Answer for 2: When using all data samples but limiting the features to the first two columns, the validation mean squared error is 46.410426. This is 7.190004 less than the training mean squared error accuracy of 53.60043. Restricting the features to the two first columns increased the difference between training and validation MSE, and the performance of the model was signifcantly worse as both the training and validation mean squared errors increased compared to using all data samples and all features.

Answer for 3: When only using 1% of the data rows with all features included, the validation mean squared error is 489.163464. This is exponentially larger than the training mean squared error of 8.126845e-27, and results in a massive difference between the two MSE values. The seemingly extreme values and the difference between them can be attributed to the small size of our dataset.

## 4. Observations/Interpretation

Describe any pattern you see in the results. Relate your findings to what we discussed during lectures. Include data to justify your findings.
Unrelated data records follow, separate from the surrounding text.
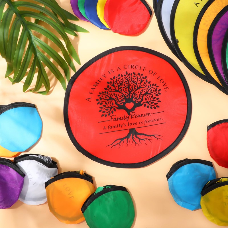 Features:Memorable family reunion themes:Our foldable flying disc fans have been specially designed with the theme of family reunions. Printed with the phrase [A family's love is forever], they symbolize deep familial connections making them perfect gifts for family reunions, enhancing their emotional and sentimental value.Unforgettable family moments:This foldable flying disc with bag is suitable as a small gift for family gatherings. It deepens the emotional connection between family members and is ideal for various commemorative events, like important family birthdays, wedding anniversaries or traditional festivals.Specifications:Material: polyester, foldable steel wiresColor: red, orange, yellow, green, blue, purple, white and navy blueUnfolded size: approximately 9.84 inches in diameterFolded size: about 3.74 inchesPackage includes:16 Sets foldable flying disc fans with bagNotes:Manual measurement, please allow slight errors on size.The color may exist a slight difference due to different screen displays.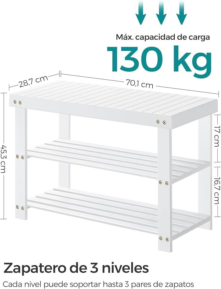 SONGMICS Banco Zapatero, Organizador de Zapatos de Bambú de 3 Niveles, Carga hasta 130 kg, para Entrada, Baño, Dormitorio, Blanco Nube LBS090W01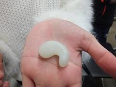 遺跡や、出土した遺物について説明を聞いたほか、勾玉づくりを体験しました。柔らかい滑石を材料に、古墳時代の装飾品かつ祈りの道具である勾玉をつくり、お土産に持ち帰りました。来年学習する歴史の授業のときに、思い出してほしいと思います。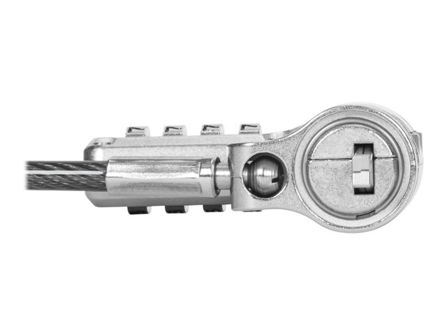 The Targus DEFCON security cable lock is a comprehensive security solution designed to protect a wide array of devices. Its 360° head rotation and cut-resistant, sleeved cable offer both flexibility and strength, ensuring your devices are safeguarded against theft. Made from durable galvanized steel, it stands up to cutting attempts, providing peace of mind in any setting. Whether for desktops, docking stations, monitors, or notebooks, its universal serialized combination lock, along with T-Bar, nano, and wedge lock types, offers versatile compatibility and protection. Secure your devices with confidence, knowing they are protected by the Targus DEFCON security cable lock.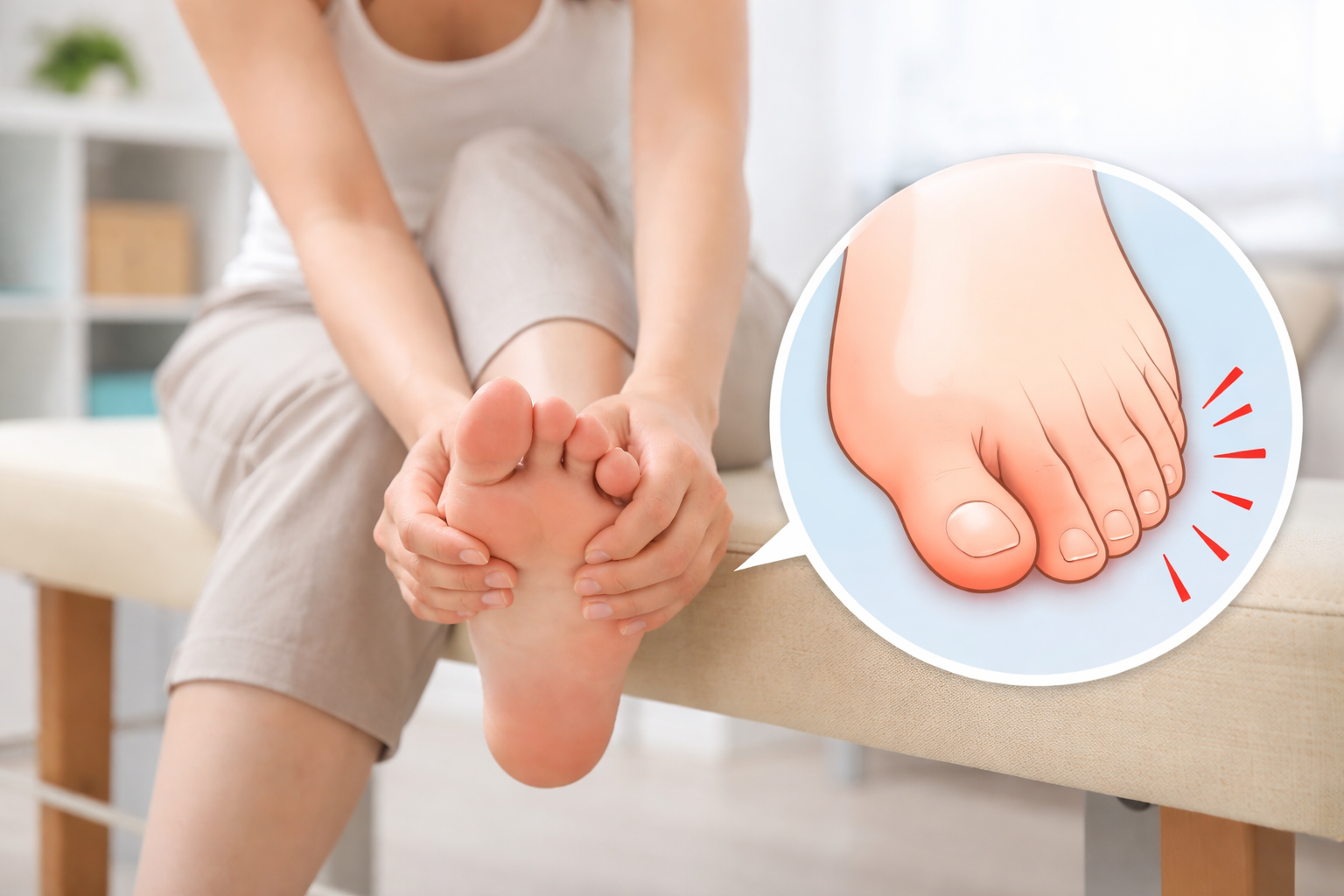 このように、痛みのきっかけが靴だったり、小指の形の変化だったりするケースは少なくありません。まずは、内反小指でよく見られる症状を確認してみましょう。そして、自宅でもできる簡単なセルフチェック方法も紹介します。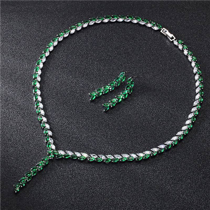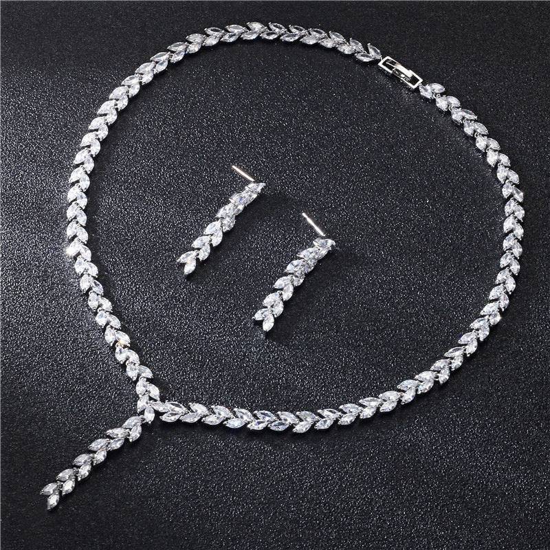 Product information: Style: Natural Material: Copper Treatment process: inlaid zircon Style: Women's Set combination earrings + necklaces Inlay material: zircon... Read more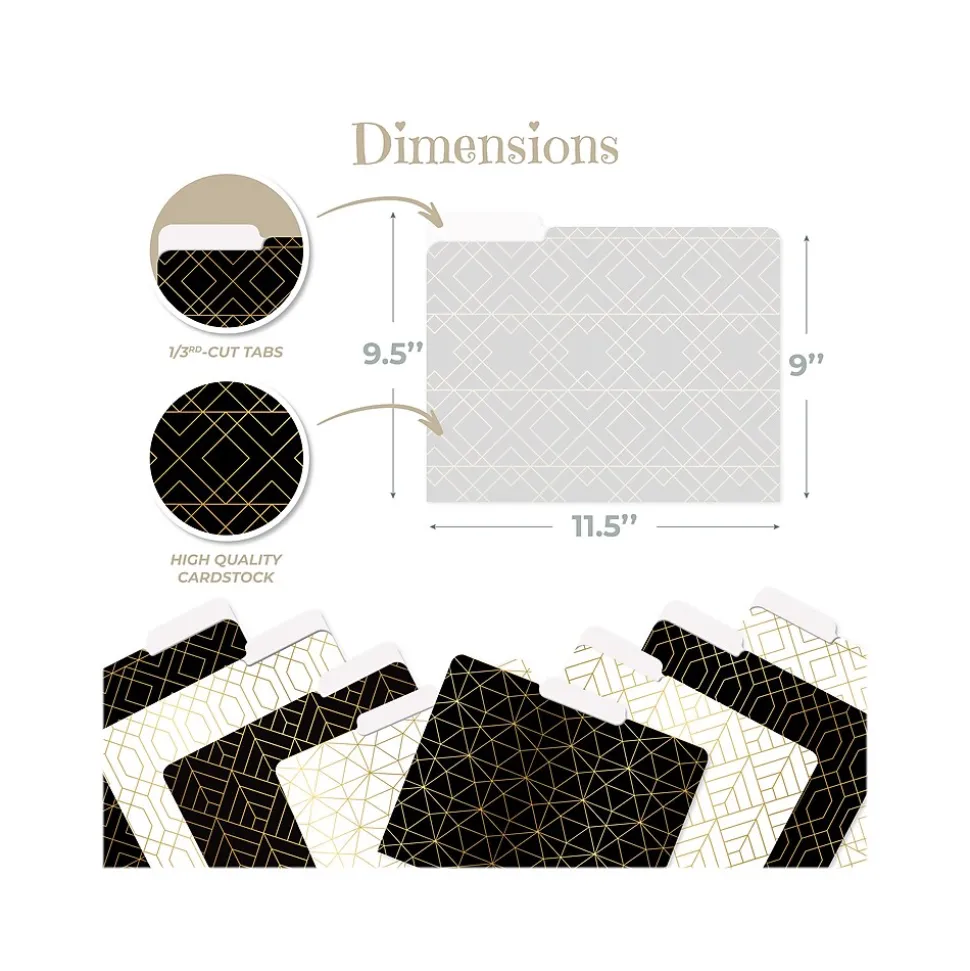 - Features unique prints of four eye-catching Geometric Gold Foil designs on a black background and white background (eight sets of three matching folders)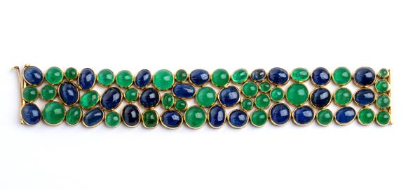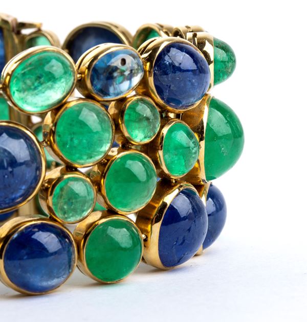 N. 24 blue sapphires, round and oval shape, cabochon cut, approx. 55.00 ct.N. 35 emeralds, round and oval shape, cabochon cut, approx. 45.00 ct.
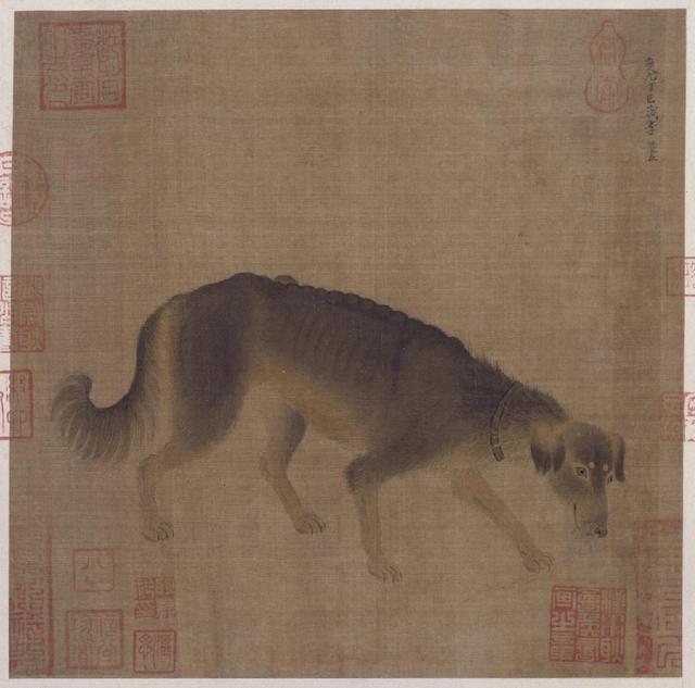 犬类作为专门的绘画题材最早出现在北宋《宣和画谱》中的“鸟兽”一门。宋代不乏画犬的专家,如宫廷画家李迪、李嵩、赵永年等。此图描绘的是宫廷御用猎犬,步伐矫健而闲雅。画风追求工整写实、细腻华丽而又形神兼备的宫廷审美趣味,是宋代院画的典型作品。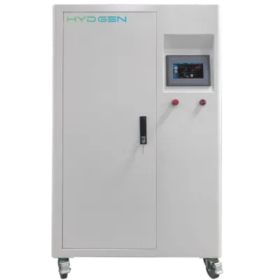HYDGEN's AEM Electrolyzers offer a sustainable and economical solution for industries transitioning to clean energy. Engineered for efficiency and flexibility, these electrolyzers use a patented material for small-scale applications, ensuring exceptional performance. Designed to operate directly from renewable energy, they feature a PGM-free catalyst, a compact balance of plant (BOP) with quick startup and high purity, and can tolerate impurities in normal water. HYDGEN is at the forefront of green hydrogen technology, combining advanced catalyst materials and optimized membranes for high energy efficiency and low hydrogen crossover. The AEM S Series electrolyzers, with capacities from 10 kW to 100 kW, are ideal for various applications in manufacturing, laboratories, and mobile hydrogen stations, offering a compact and versatile solution. Partnering with industry leaders and research institutions, HYDGEN is committed to developing efficient, scalable hydrogen solutions for a sustainable future.Discover the future of green hydrogen with our AEM Electrolyzers. Our technology provides a sustainable, cost-effective solution for industries moving to clean energy. Designed for efficiency and versatility, our patented material ensures excellent performance for small-scale applications. Embrace green hydrogen and drive your business towards a cleaner, more sustainable future.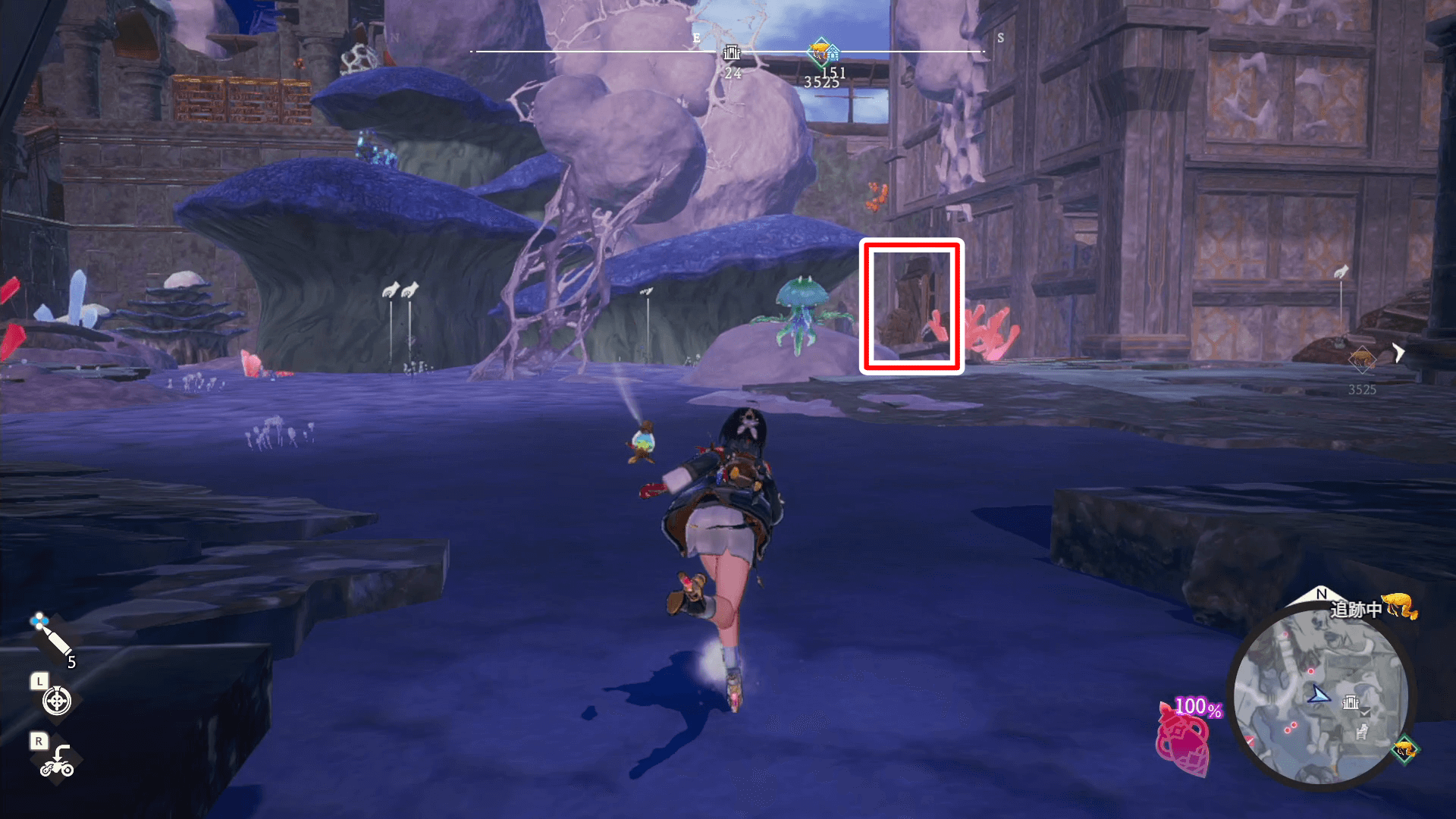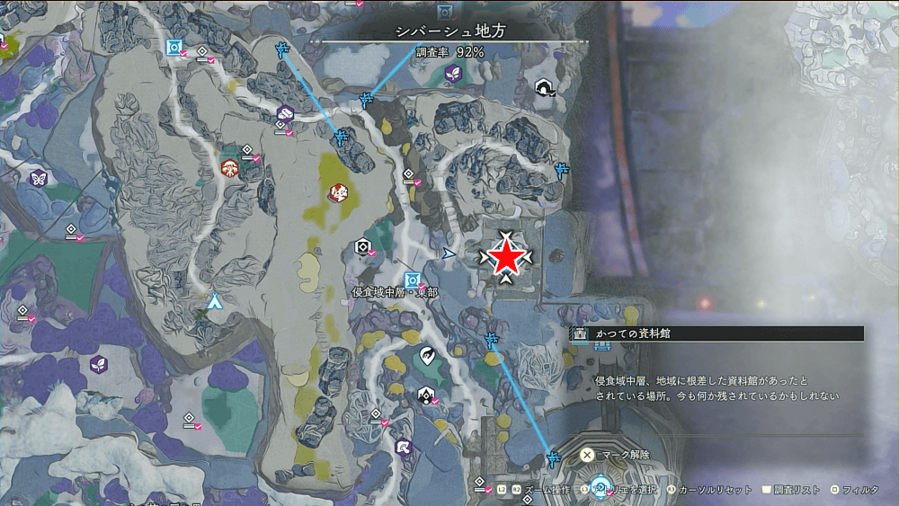 かつての資料館の宝箱と遺宝は、繭に囲まれて回収できない。繭は、切弾を使うと破壊できるため、所持していないときはシバーシュ地方の開拓率を100%にして入手しよう。

Answer: With the exception of the accuracy score and MSE obtained for the dataset limited to two features, the results came out as expected, with the Validation MSE and accuracy scores being worse than the training MSE and accuracy scores. This is expected because the model will be a better fit to the data it has already has seen, compared to the data it has not yet seen. When using all data samples and all features, the accuracy scores (0.934783 and 0.918261) are at their highest values and the mean squared errors (7.972066 and 10.318507) are at their lowest compared to other data sets. When only using 1% of the data samples or using all of the data samples with only two features, the accuracy scores become lower and the MSEs become higher - this makes sense as the data set is less descriptive and has a smaller sample size.



## 5. Reflection
Include a sentence or two about:
- what you liked or disliked,
- found interesting, confusing, challangeing, motivating
while working on this assignment.


Answer: I liked that this lab gave us the opportunity to apply the 5 steps of the machine learning workflow that we learned in class. I thought it was interesting how the train_test_split function could be used to split the dataset into different sizes. This assignment provided excellent practice for using the Scikit-learn library to train a model and use it to predict labels for new data. Learning how to properly load data with the Yellowbricks library was probably the most challenging part of this assignment. It was also interesting that cutting the number of features to two in the dataset resulted in a model that yielded better accuracy and a smaller MSE for the validation set (61.3% accuracy, 46.4 MSE) compared to the training set (60.9% accuracy, 53.6 MSE).